Thousands of pounds? Given that show will also be targeting misleading advertising, one hopes she’s not making claims she can’t justify…
Back in March 2012, when BBC Breakfast moved to Salford, Williams refused to uproot her family and left the show. A year later, does she think she made the right decision? “In the end you’ve got to put your family first. Are my children [Joss, 21; Alex, 19; Seth, seven; and Eve, four] grateful? I haven’t asked them. I wouldn’t put that level of pressure on them. In fact, Alex was in the middle of his A-levels at the time and he probably didn’t even notice that I was hovering around in the background making sure that he was eating well and getting enough sleep.”
Does she watch Breakfast now? “When I first came off it, I couldn’t watch without thinking: ‘Why haven’t they come out of the news? When are they going to sport? Why are they doing this interview at the top of the programme?’ So now when I wake up, I reach for the radioand Today.” Radio 4’s also become a fixture on Saturday mornings. For the past year, along with co-presenter Rev Richard Coles, she’s been at the helm of Saturday Live, which was where she got to interview Bill Gates.
Meetings with the Queen, interviews with billionaires, Secret Squirrel escapades with hidden cameras. It all sounds impossibly glamorous. But Williams tells me the most intriguing thing just as I’m preparing to leave. As I begin to pack my things, I mention I’ve seen from her postings on Twitter that she’s studying for an MSc. What’s that about?
It emerges that her subject is psychology and the reason she’s doing it is to help colleagues. After reporting the Pakistan earthquake in 2008, she suffered from survivor’s guilt: hundreds of people had died, she’d witnessed relatives dragging dead bodies from collapsed buildings – and yet, at the end, she was able to turn her back on the suffering and return to her super-comfortable middle-class life in London.
She says it felt selfish even to say such things out loud. “But people need to be allowed to say that and who do they say it to? They’re not going to say it to their boss or anyone who’s going to offer them a job.” So Williams has become a “peer mentor” at the BBC, someone to whom reporters can turn when they return from a distressing story.
“I help BBC journalists through trauma. A small team of us who have experienced traumatic environments help spot symptoms of trouble when people return from war zones or disaster areas. Post-traumatic stress disorder can take time to manifest itself. I can assess people and point them in the right direction, show them support.

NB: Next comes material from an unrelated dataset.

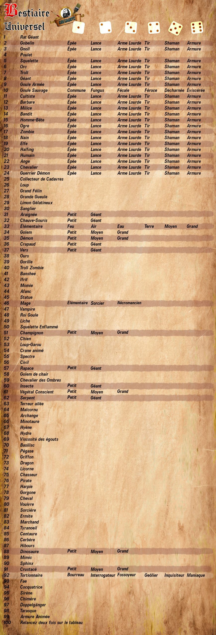 Si vous avez envie de participer à ce genre de défi, vous pouvez aussi simplement lancer les dés et voir ce que le tableau vous propose !

“The thing about news crews is they are very reluctant to seek help because it’s part of the job to come back from something quite traumatic and be ready to go out the following day on a different story. You have to cope because it’s your job. And I think journalists sometimes don’t get the chance to talk to somebody and say, ‘Is it right that I’m not sleeping?’ or ‘I’m drinking too much.’ I think it’s incredibly important.”
She thinks the MSc will help her be a better mentor – though it was “horrible, horrible” taking an exam for the first time since her finals at Oxford Polytechnic in 1985. Next comes the thesis. She hasn’t quite settled on a subject yet. “But it’s got to be original and you’ve got to do your own interviews.”
She should do pretty well with the interviewing, I reckon. At least this time, she won’t be banned from asking questions.